The finding of antibacterial activity against S. aureus agrees with previous studies examining extracts of A excelsa leaves. A study of medicinal plants used by the Yaegl Aboriginal community in New South Wales [5] found EtOAc and MeOH extracts showed activity at concentrations of 500–1000 μg/mL against antibiotic-sensitive and -resistant strains of S. aureus using a tetrazolium-based microdilution assay but lacked activity against Gram-negative bacteria including Pseudomonas aeruginosa and E. coli. In another recent study [35], a MeOH extract of A. excelsa grown in Brisbane, Australia, displayed antibacterial activity against a clinical isolate of S aureus with a MIC of 927 μg/mL. However, in contrast to our findings, the MeOH, water, and EtOAc extracts reported in the later study also displayed some antibacterial activity against some Gram-negative bacteria, including E. coli and Pseudomonas species. The study used a disk diffusion method to determine the MIC in contrast to the broth microdilution method used in our study, and all bacterial strains tested were clinical isolates, in contrast to the ATCC strains reported here. Differences in the reported activities may also be due to the different extraction solvents used and variations in the chemical composition of the plant materials grown in different locations, a conclusion that is supported by the difference in chemical composition between the two extracts highlighted in the MS analysis.

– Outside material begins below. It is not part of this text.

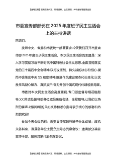市委宣传部部长在2025年度班子民主生活会上的主持讲话.docx

The CYP-Et extract that showed activity against S. aureus was also the extract displaying the highest saponin content. While the activity of the crude extract reported here is modest, it falls below a cut-off active concentration of 1000 μg/mL, which has been suggested by some authors for plant extracts warranting further investigation [36]. Thus, further studies to isolate and identify the active constituents of the ethanol extract are needed. Triterpenoids isolated from another Alphitonia species, A. xerocarpus Baill. have been shown to exhibit good antibacterial activity against S. aureus and another Gram-positive bacterium Enterococcus faecalis, with MIC values of 4–16 μg/mL [37].

4. Conclusions

Two samples of leaves from Alphitonia excelsa plants, each from different geographical locations in Australia, were sourced for the purpose of extracting bioactive components, including saponins. Both water and water/ethanol extractions were acquired, with differential extraction between the two samples seen for saponin content, with the leaves from the wild-harvested sample yielding greater amounts of saponin than the cultivated sample. The influence of the extracts on the interfacial characteristics of the air–water interface (examined for Alphitonia excelsa for the very first time) did not completely align with total saponin content, either in terms of absolute interfacial tension drop relative to a bare interface or with dilatational rheology, with the relative amounts of the different saponin molecules present in each extract most likely being the dominant factor in interfacial activity, highlighting that extraction method needs to be carefully considered and tailored for a given application. Antimicrobial experiments yielded promising results only for the sample (Cape York) that gave the highest amount of saponin, a result that is in agreement with the existing literature on the topic, which has highlighted the need to have high concentrations of saponin present to provide antimicrobial efficacy.